The financial landscape is being rocked by rising yields on Japanese government bonds, which have hit their highest levels in over two decades. The situation is further complicated by the recent tariff-induced volatility that continues to affect global markets, including Bitcoin (BTC), which is still grappling with the aftermath.
On Tuesday, the yield on Japan’s 30-year government bonds surged to 2.88%, its highest level since 2004, marking a dramatic increase of almost 60 basis points in just a week. The spread between the 30-year and five-year bonds has also widened to levels unseen for nearly 20 years, signaling growing investor concern. Meanwhile, the 10-year yield climbed 30 basis points to 1.37%, but still remains well below the recent peak of 1.59%.
This sudden shift in the Japanese bond market is raising concerns among global investors. Japan has long been one of the largest international holders of U.S. Treasuries, with holdings amounting to $1.079 trillion. The country’s low bond yields have provided a stabilizing influence on global financial markets, encouraging risk-taking behavior.

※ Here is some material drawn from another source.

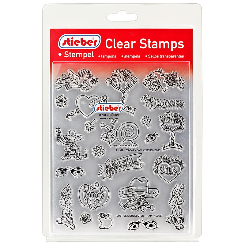 CS-849 stieber® Clear Stamp Transparentes Stempel Set "lustige Liebesboten - Happy Love"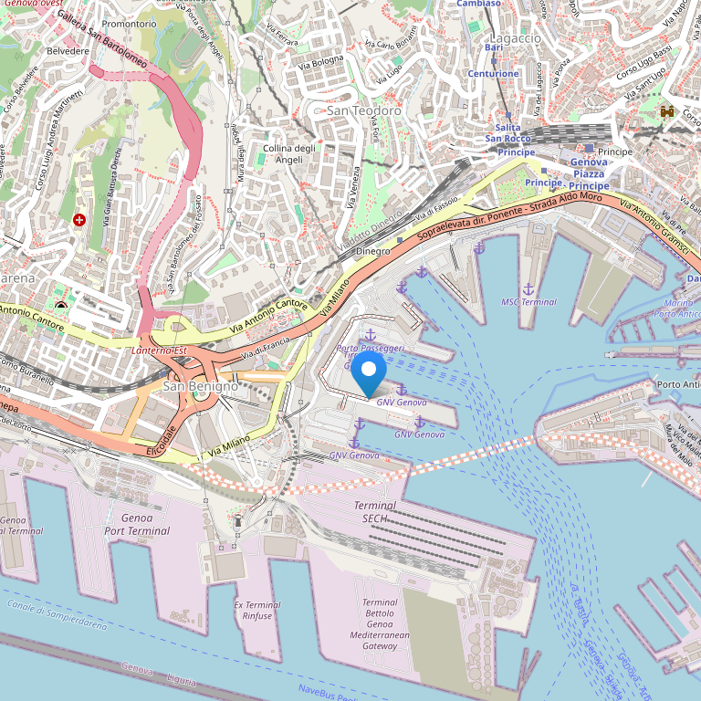 Отель располагается в городе Генуя, недалеко находятся Дворец принца и Маяк. Также неподалеку Bigo и Аквариум Генуи. Удобнее всего добраться до отеля Holiday Inn Genoa City из аэропорта Генуя (GOA-Кристофоро Коломбо) - 4,7 km / 2,9 mi.

However, the recent rise in long-term bond yields could prompt Japanese investors to repatriate capital, selling off foreign bonds and unwinding yen-funded carry trades. This shift could trigger increased volatility in the U.S. Treasury market and exert upward pressure on the yen, which may add to risk aversion in global markets.
Garry Evans, Chief Strategist for Global Asset Allocation at BCA Research, warned of the potential impact. “If Japan begins pulling capital back home, it could create significant turbulence in global markets,” he said in an interview with CNBC. “Japan holds the largest international investment position in the world, and any shift in that could have far-reaching consequences.”
For Bitcoin, the rising bond yields come at a time when the cryptocurrency has shown some resilience. While the broader market has been roiled by tariffs and other macroeconomic factors, BTC has managed to perform better than traditional equities like the Nasdaq and S&P 500. However, Bitcoin has still been on a downward trajectory since early February, likely reflecting ongoing concerns about the trade war and broader economic instability.
As markets continue to navigate the complexities of rising Japanese bond yields, tariffs, and other economic uncertainties, Bitcoin’s ability to maintain its recent resilience will be closely watched by traders and investors alike.